Он сидел на краю парковой скамейки, и его поношенные ботинки нервно топтали сырую землю. В руках у него была толстая суковатая палка. Когда я сел рядом, он нехотя повернул лицо в мою сторону. Глаза у него были красные, будто заплаканные, или, скорее, плачущие, а тонкие губы изображали месяц, перевернутый рогами книзу.
Взглянув на меня, он надвинул шляпу на глаза, а каблуки ботинок чаще застучали о землю.
Я встал и хотел было пересесть на другую скамейку, но он вдруг сказал:
— Нет, почему же, сидите…
Я остался.
— У вас есть часы? — спросил старикашка.
— Есть.
— Который час?
— Без пятнадцати четыре…
Он глубоко вздохнул и посмотрел туда, где за скелетами осенних деревьев возвышалось бесцветное здание клуба “Сперри–дансинг”.
Помолчав, еще несколько раз вздохнул и затем поднял шляпу над бровями.
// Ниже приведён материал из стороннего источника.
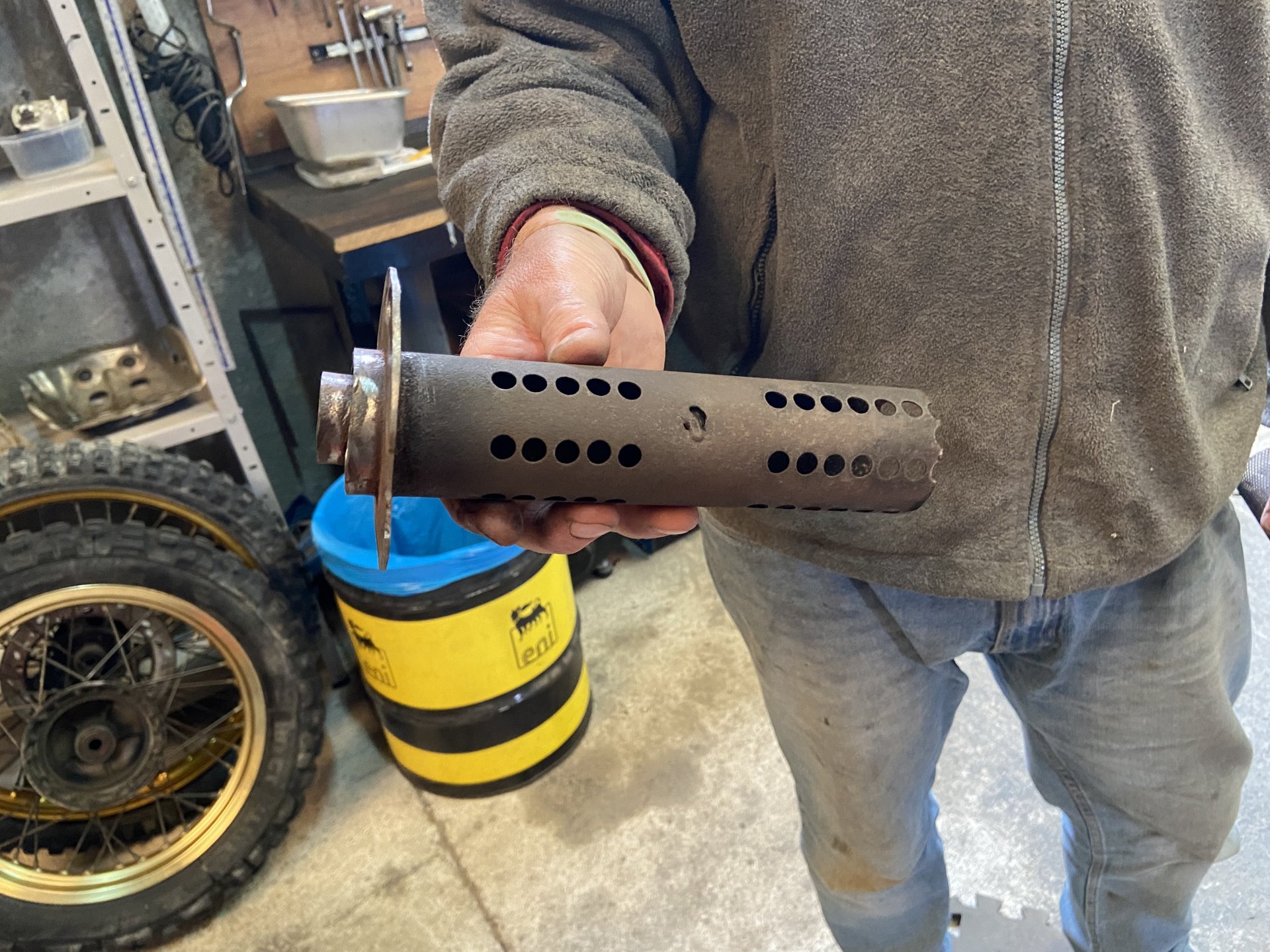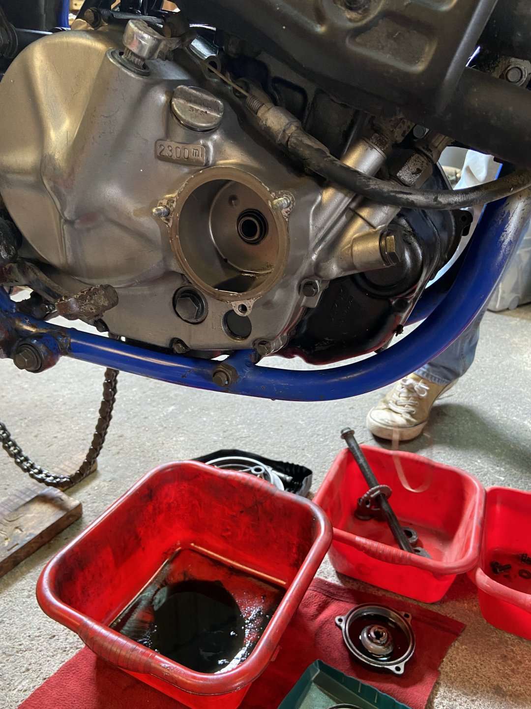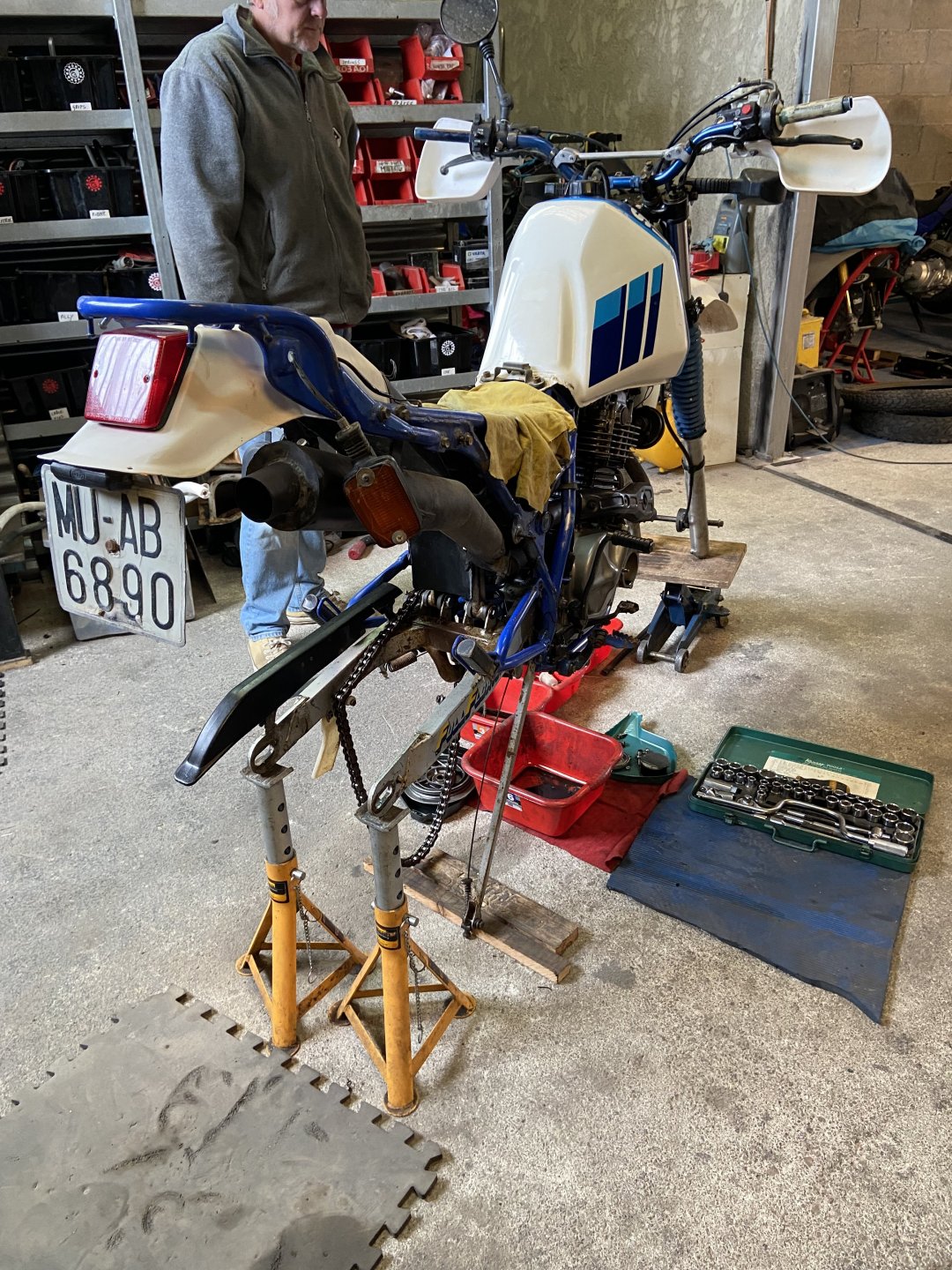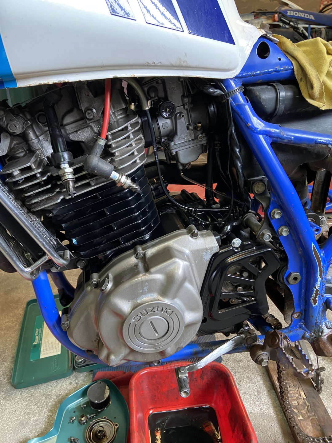 Now, it may not look like it but progress has been made on the DR…….firstly, there’s a big box of bits turned up containing everything from the essentials such as wheel bearings and calliper rebuild bits and bobs to the less essential but bling driven film-flam such blue grips and anodised blue in-line fuel filters. You can’t have enough bling. Wheels out, fluids drained, degreased, seat ready for recovering, baffle being fashioned from an arbitrary item and just propped up awaiting a few more bits which need to be ordered e.g. the third wheel bearing for the rear wheel as I stupidly thought there was only two………….mechanically-challenged me. It ain’t ever going to be pretty but it will start, go and stop properly and that’s good enough for me………which reminds me of a girl I once knew. I know you’ll all sleep better knowing progress is being made.5 points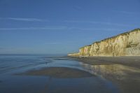 In de ondergaande zon worden de falaises (krijtrotsen) bij het dorpje Veules-les-Roses - een van de mooiste kustplaatsen in Frankrijk - prachtig verlicht.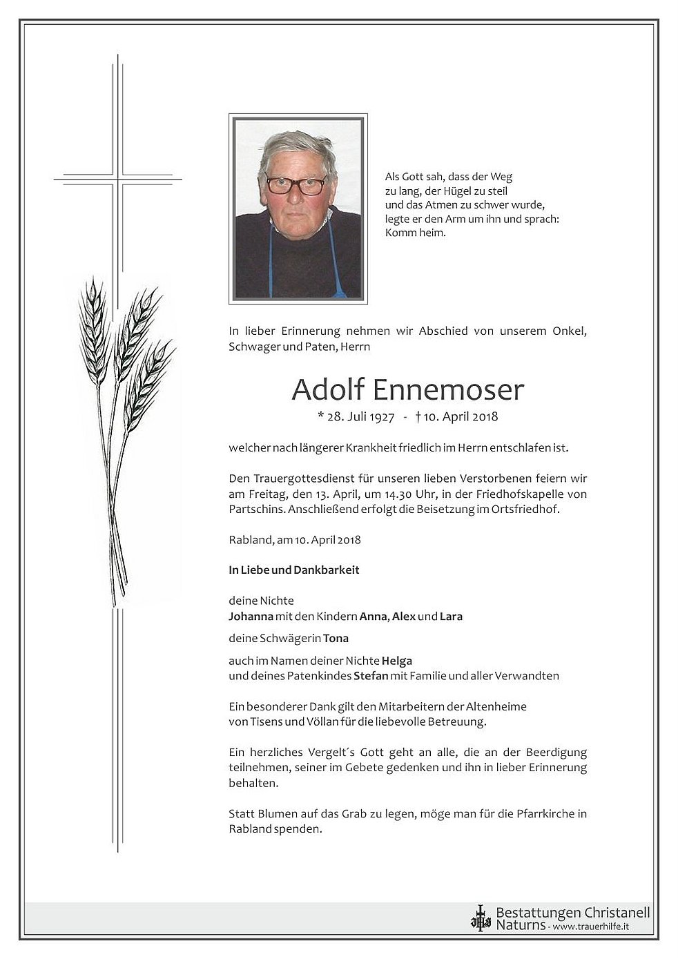 Den Trauergottesdienst für unseren lieben Verstorbenen feiern wir am Freitag, den 13. April, um 14.30 Uhr, in der Friedhofskapelle von Partschins. Anschließend erfolgt die Beisetzung im Ortsfriedhof.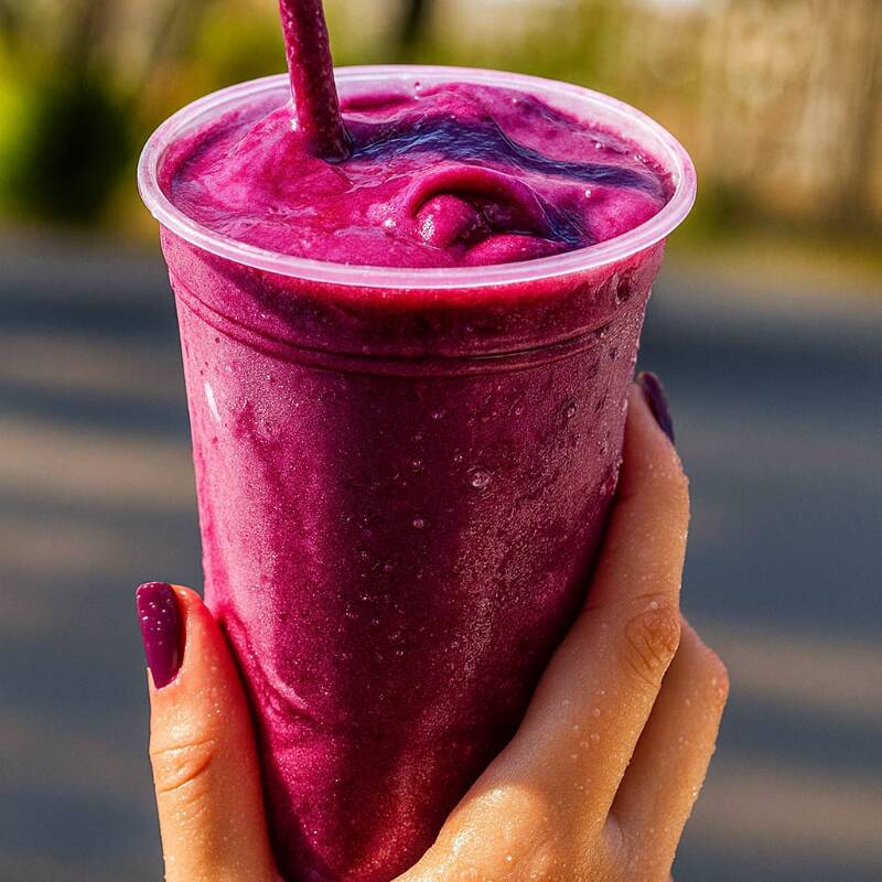Açaí batido com leite, cremoso e geladinho, servido no ponto perfeito! 🫐💣 E o melhor: você escolhe 3 adicionais grátis pra deixar do seu jeito

— А сейчас сколько времени?
— Без одной минуты четыре… Вы кого‑нибудь ждете? Он повернул свое плачущее лицо ко мне и кивнул головой.
Видимо, предстоящая встреча не предвещала для него ничего хорошего.
Старик подвинулся ко мне поближе и откашлялся…
— Все точно… Точно так же, как пятьдесят лет назад…
Я сообразил, что старика терзают воспоминания.
— Да–а, — неопределенно протянул я, — все проходит… Ничего с этим не поделаешь.
Он придвинулся ближе. Плачущий рот изобразил подобие иронической улыбки.
— Говорите, все проходит? Как бы не так…
— Ну, конечно, воспоминания остаются, — спохватился я. — Так сказать, память о прошлом. Память, наша постоянная и надоедливая спутница.
— Если бы это было только так…
После некоторой паузы старик снова спросил у меня, который час, а затем сказал:
— Еще час…
— ?
Он неопределенно махнул рукой.
— Логика мысли и логика жизни не имеют ничего общего, — вдруг произнес он.
Я как будто проснулся, потому что логика была по моей части. Стоит кому‑нибудь произнести слово “логика”, как я сразу оживаю.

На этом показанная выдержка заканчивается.